Since 1980, when the DSM-III was published, psychiatrists have tried to solve this problem by using what is called descriptive diagnosis: a checklist approach, whereby illnesses are defined wholly by the symptoms patients present. The main virtue of descriptive psychiatry is that it doesn’t rely on unprovable notions about the nature and causes of mental illness, as the Freudian theories behind all those “neuroses” had done. Two doctors who observe a patient carefully and consult the DSM’s criteria lists usually won’t disagree on the diagnosis—something that was embarrassingly common before 1980. But descriptive psychiatry also has a major problem: Its diagnoses are nothing more than groupings of symptoms. If, during a two-week period, you have five of the nine symptoms of depression listed in the DSM, then you have “major depression,” no matter your circumstances or your own perception of your troubles. “No one should be proud that we have a descriptive system,” Frances tells me. “The fact that we do only reveals our limitations.” Instead of curing the profession’s own malady, descriptive psychiatry has just covered it up.
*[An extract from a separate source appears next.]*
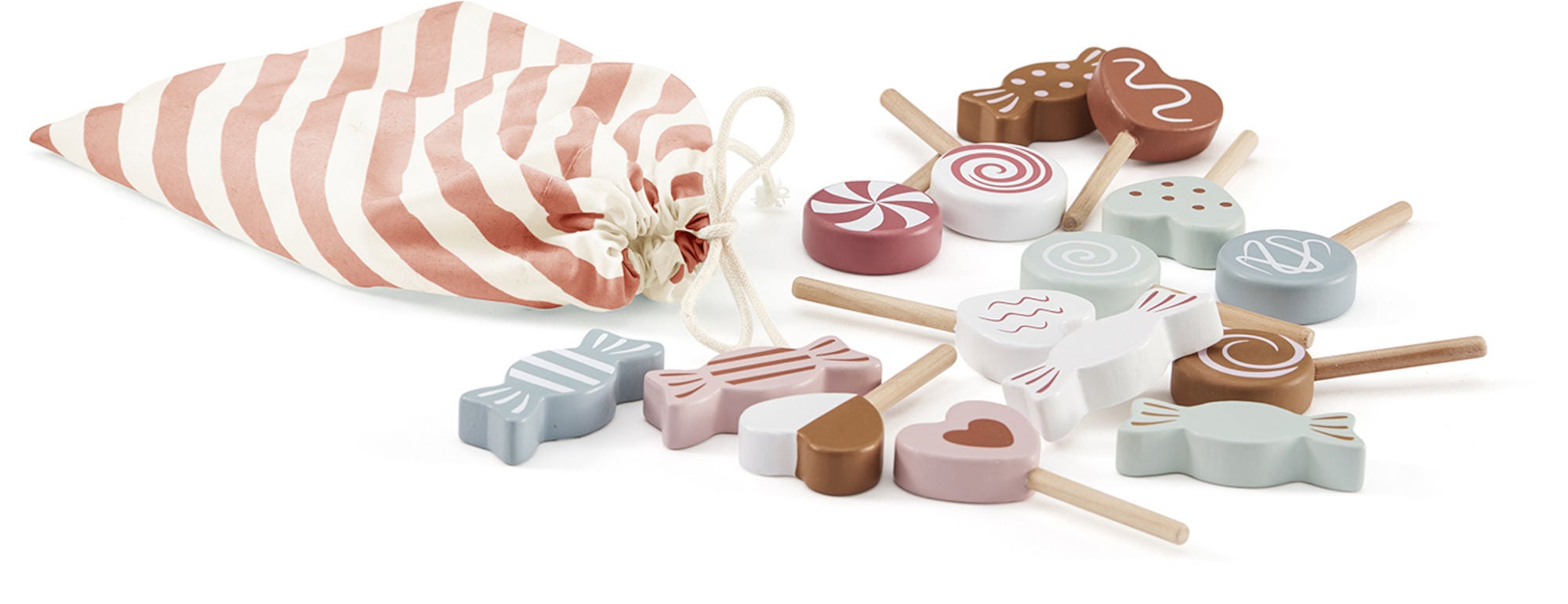 Dette er et sæt fyldt med en masse lækkert legetøjs slik fra Kids Concept. Du kan nu holde filmaften med dine bamser og give dine bamser det gode slik. Legetøjsslikket er fremstillet i fine farver og kan opbevares i den medfølgende pose. Anbefalet alder: Fra 3 år.

The DSM-5 battle comes at a time when psychiatry’s authority seems more tenuous than ever. In terms of both research dollars and public attention, molecular biology—neuroscience and genetics—has come to dominate inquiries into what makes us tick. And indeed, a few tantalizing results from these disciplines have cast serious doubt on long-held psychiatric ideas. Take schizophrenia and bipolar disorder: For more than a century, those two illnesses have occupied separate branches of the psychiatric taxonomy. But research suggests that the same genetic factors predispose people to both illnesses, a discovery that casts doubt on whether this fundamental division exists in nature or only in the minds of psychiatrists. Other results suggest new diagnostic criteria for diseases: Depressed patients, for example, tend to have cell loss in the hippocampal regions, areas normally rich in serotonin. Certain mental illnesses are alleviated by brain therapies, such as transcranial magnetic stimulation, even as the reasons why are not entirely understood.
Some mental health researchers are convinced that the DSM might soon be completely revolutionized or even rendered obsolete. In recent years, the National Institute of Mental Health has launched an effort to transform psychiatry into what its director, Thomas Insel, calls clinical neuroscience.